Re: To all the recommendation people..

Posted by Grant Ingersoll <gs...@apache.org>.

More contests at: http://challenge.gov/NIH/132-nlm-show-off-your-apps-innovative-uses-of-nlm-information


On May 15, 2011, at 10:25 PM, Alex Kozlov wrote:

> On Sat, May 14, 2011 at 9:11 PM, Jake Mannix <ja...@gmail.com> wrote:
> 
>> Due to the whole Netflix data lawsuit, the training data is synthetic,
>> which
>> puts the contestants at a disadvantage, and another interesting fact:
>> runtime
>> performance is at issue: your code will be run *live*, with your model
>> being
>> used to produce recommendations with a hard timeout of 50ms - if you
>> miss this more than 20% of the time, you fail to progress to the end of
>> the semi-final round.
>> 
> 
> If the dataset is synthetic (and I assume not random) is the goal to just
> guess the model that generated the dataset?  Assuming it performs well, how
> far us the 'synthetic' model from the actual customer behavior so that there
> are no 'surprises' when it runs 'live'?
> 
> Potentially, there are more avenues for a lawsuit than in the Netflix case
> since money is involved (just a thought).
> 
> Alex K

--------------------------------------------
Grant Ingersoll
Join the LUCENE REVOLUTION
Lucene & Solr User Conference
May 25-26, San Francisco
www.lucenerevolution.org

Re: To all the recommendation people..

Posted by Alex Kozlov <al...@cloudera.com>.

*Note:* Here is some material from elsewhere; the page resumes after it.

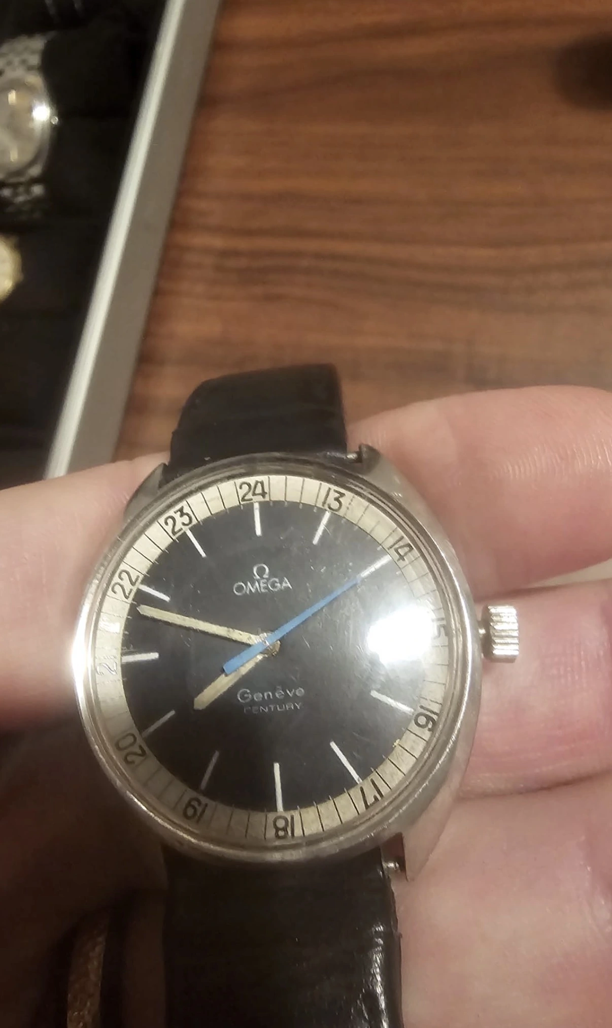 Overpainted Omega Geneve (century) dial, never seen that, with what looks to be a chapter ring slapped onto it.
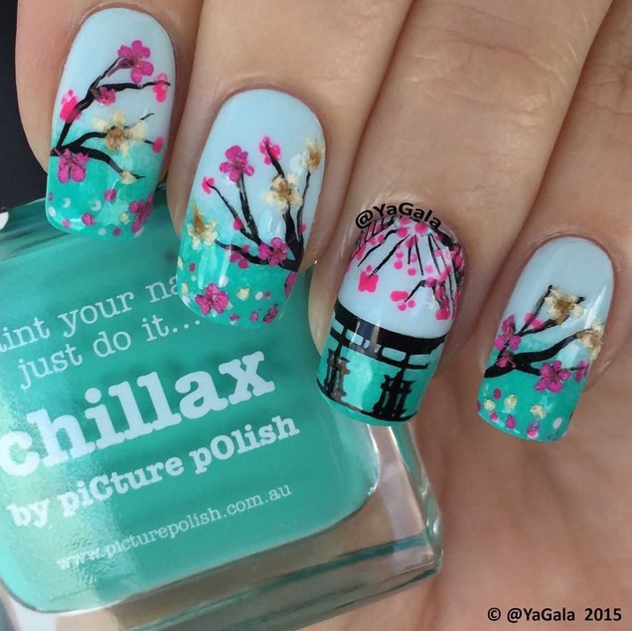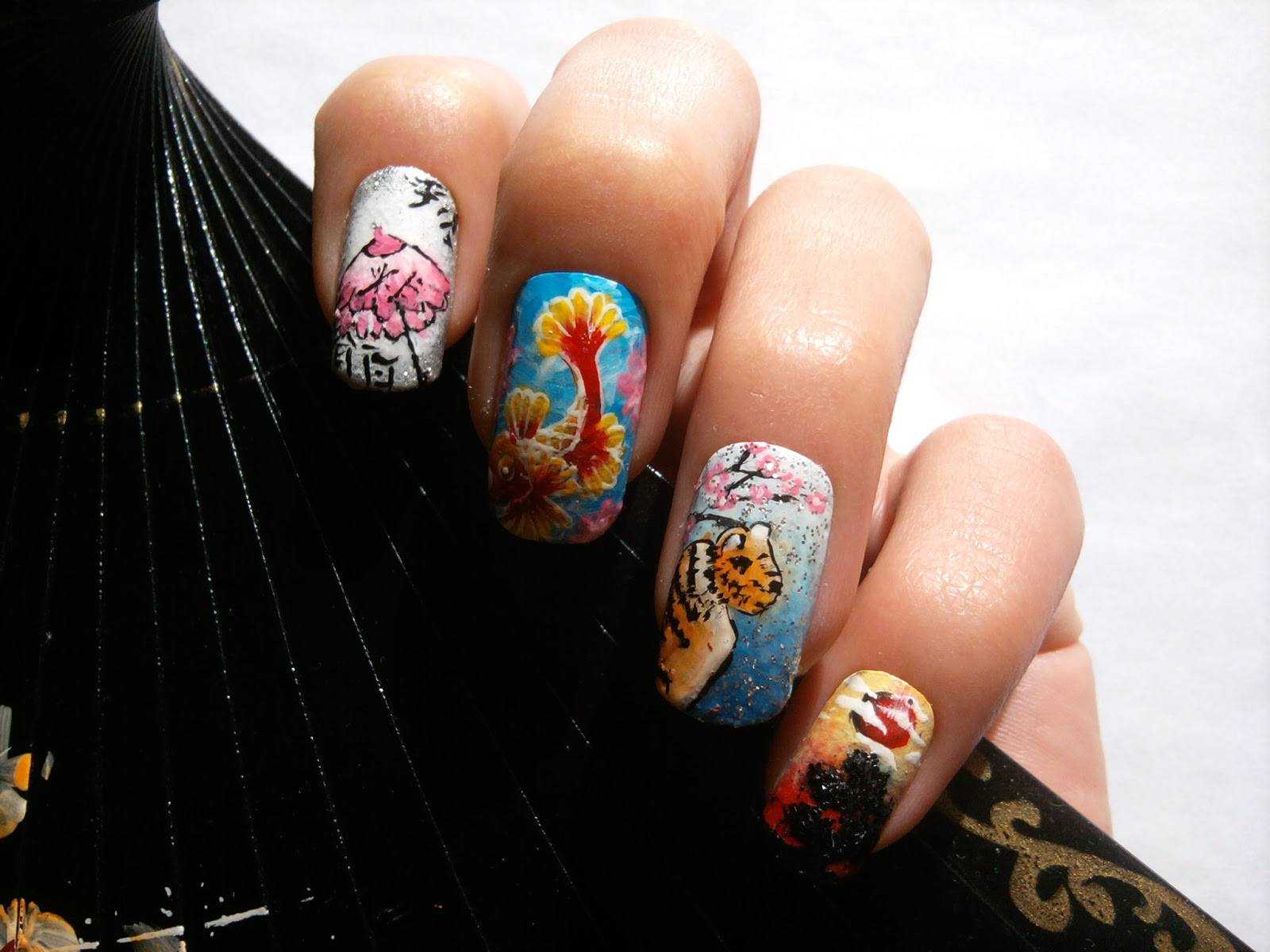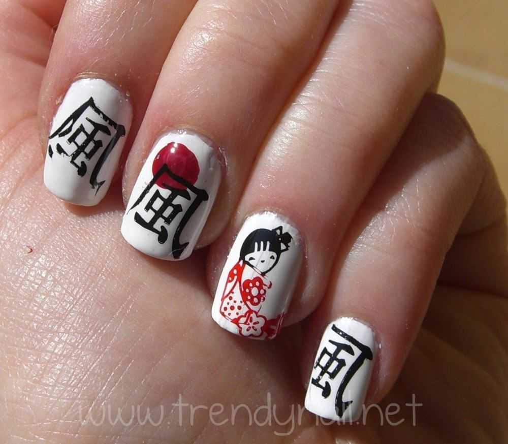 #1 Маникюр в японском стиле: сакура, пагода, иероглифы

On Sat, May 14, 2011 at 9:11 PM, Jake Mannix <ja...@gmail.com> wrote:

> Due to the whole Netflix data lawsuit, the training data is synthetic,
> which
> puts the contestants at a disadvantage, and another interesting fact:
> runtime
> performance is at issue: your code will be run *live*, with your model
> being
> used to produce recommendations with a hard timeout of 50ms - if you
> miss this more than 20% of the time, you fail to progress to the end of
> the semi-final round.
>

If the dataset is synthetic (and I assume not random) is the goal to just
guess the model that generated the dataset?  Assuming it performs well, how
far us the 'synthetic' model from the actual customer behavior so that there
are no 'surprises' when it runs 'live'?

Potentially, there are more avenues for a lawsuit than in the Netflix case
since money is involved (just a thought).

Alex K

Re: To all the recommendation people..

Posted by Jake Mannix <ja...@gmail.com>.

It's actually a pretty interesting challenge, once you get past the
constrictions of
their API: you're optimizing explicitly for revenue-per-session, take as
input
past sessions, which include the kinds of practical things you'd like: each
session is by a userId which will naturally include repeat customers,
products
have prices, and there are categoryId labels already.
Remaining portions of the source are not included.